Video surveillance has now emerged as a popular, if not essential, technology for perimeter security. “Without doubt video surveillance is being increasingly used in perimeter security, not least due to the growth in remote monitoring which brings a greater need for visual verification to reduce costs
associated with responding to false alarms. Other sensors are valuable in establishing that something has breached a perimeter – or tried to – but video allows remote operators to more clearly establish what it is and, crucially, the most appropriate response,” said Niklas Rosell, Global Product Manager for Smart Camera Features at Axis Communications.
“Video is critical for perimeter security – without immediate, video-based assessment of alarms, security personnel may lose confidence in their intrusion detection systems. To maximize the effectiveness of video surveillance and assessment, the video management system must be able to link the intrusion location (ideally down to a few meters or feet) to a specific camera or PTZ preset. Automated camera call-up offers a multitude of benefits: faster operator response, reduced training requirements, optimized
video quality and retention settings, and the ability to trigger location-specific deterrents,” Martin said.
Yet the use of video should also depend on the use case and scenario. “We protect some very large sites where it is too difficult to get power into the field to support CCTV. Our optical fiber-based PID solutions require no power or electrics in the field so it is much more cost effective to secure large or remote perimeters. However, for smaller sites where power isn’t such a concern, then almost all of the projects we work on have some form of video integration, either direct into our controllers or via a PSIM or SMS. Our clients benefit from the visual confirmation of an intrusion and the ability to deploy an appropriate response,” said Mark Horton, VP of Bandweaver Technology.
Needless to say, each detection technology has its pros and cons. Sensor fusion, or the use of a combination of these technologies, then, makes perimeter detection more effective.
“To truly benefit from the gains of these technologies, organizations require intelligent, integrated solutions that can maximize the strengths of each individual technology.
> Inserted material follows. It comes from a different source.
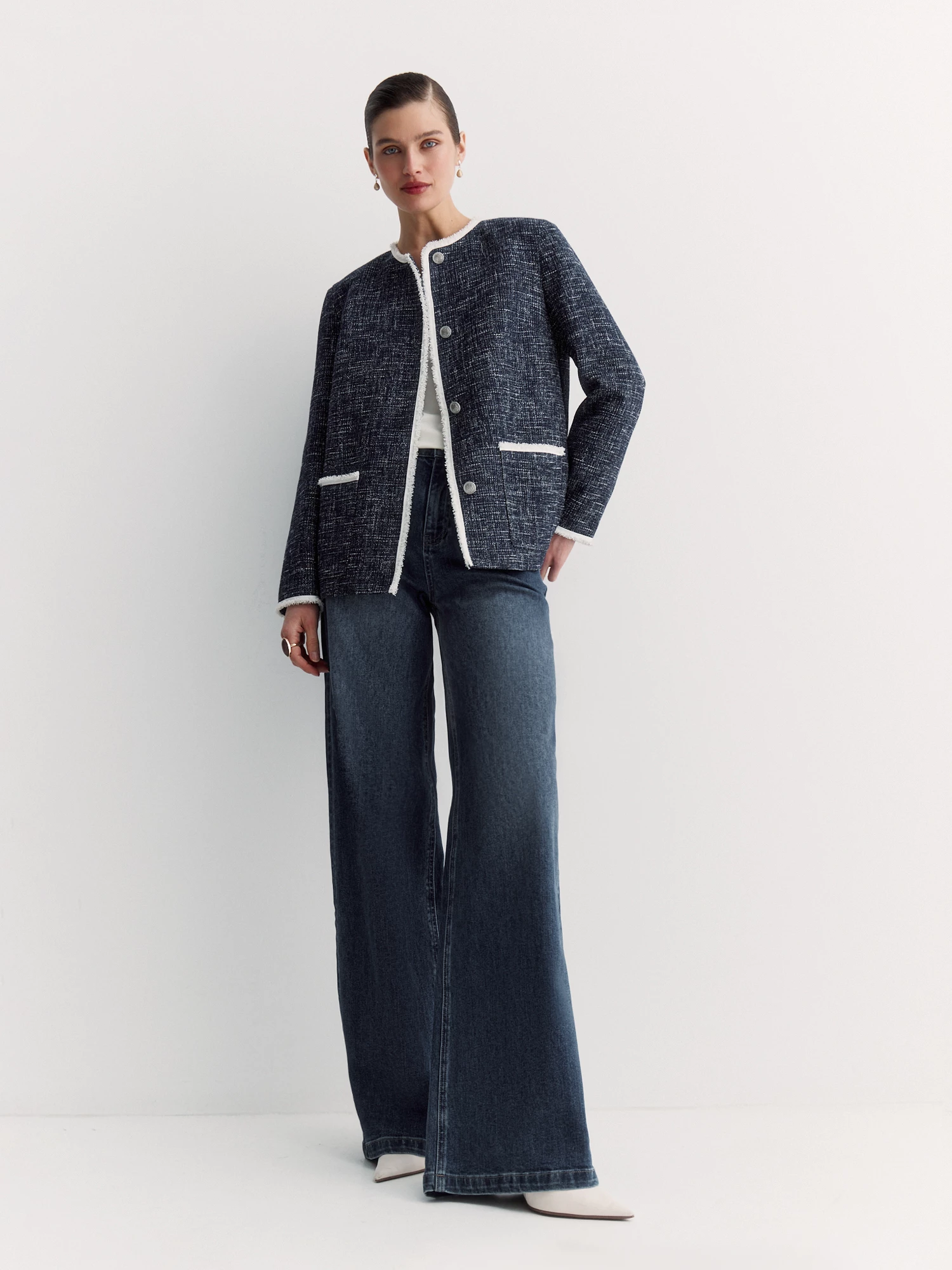Всегда актуальный жакет в стиле Chanel – образец вневременной элегантности. Классический круглый вырез, благородные гербовые пуговицы и стильные накладные карманы создают узнаваемый силуэт. Особый шарм модели придает отделка тесьмой с мягкой бахромой – такая деталь выглядит дорого и изысканно.

This is why sensor fusion is generating substantial, renewed interest,” Martin said. “Real sensor fusion leverages today’s impressive computing power for analyzing real-time data alongside historical, locational, environmental, and classification information before generating an alarm. For operators, this holds the key to finally defeating nuisance alarms while maintaining the highest levels of security.”
Video and other sensors as an example
Pairing intrusion detection sensors with video is an example. “Video as a sensor has limitations – it does not work in the dark and often lacks the detail in contrast or spatial context for high accuracy detection/classification. These limitations can be overcome by combining the video data with data from
complimentary sensors. For example, tripwire sensors such as fiber provide alerts for large, fenced perimeters, while radar and lidar add spatial information and work in poor environmental conditions,” said Srinath Kalluri, CEO of Oyla.
“Integration with sensor and IP camera/VMS is increasing. In Asian market, video solution is the first choice for the end-user to think about security solution. However, many customers will add sensing solution to trigger the video recording and notification in order to complement the weak point of
video-only solution,” Arimura said. “The most common solution they choose is active infrared beam sensors. Some high security-required places would choose laser scanning and fiber sensors. The interest to the new trend of visual verification by video and alarm combined solution like CHeKT can be seen in some alarm monitoring service companies.”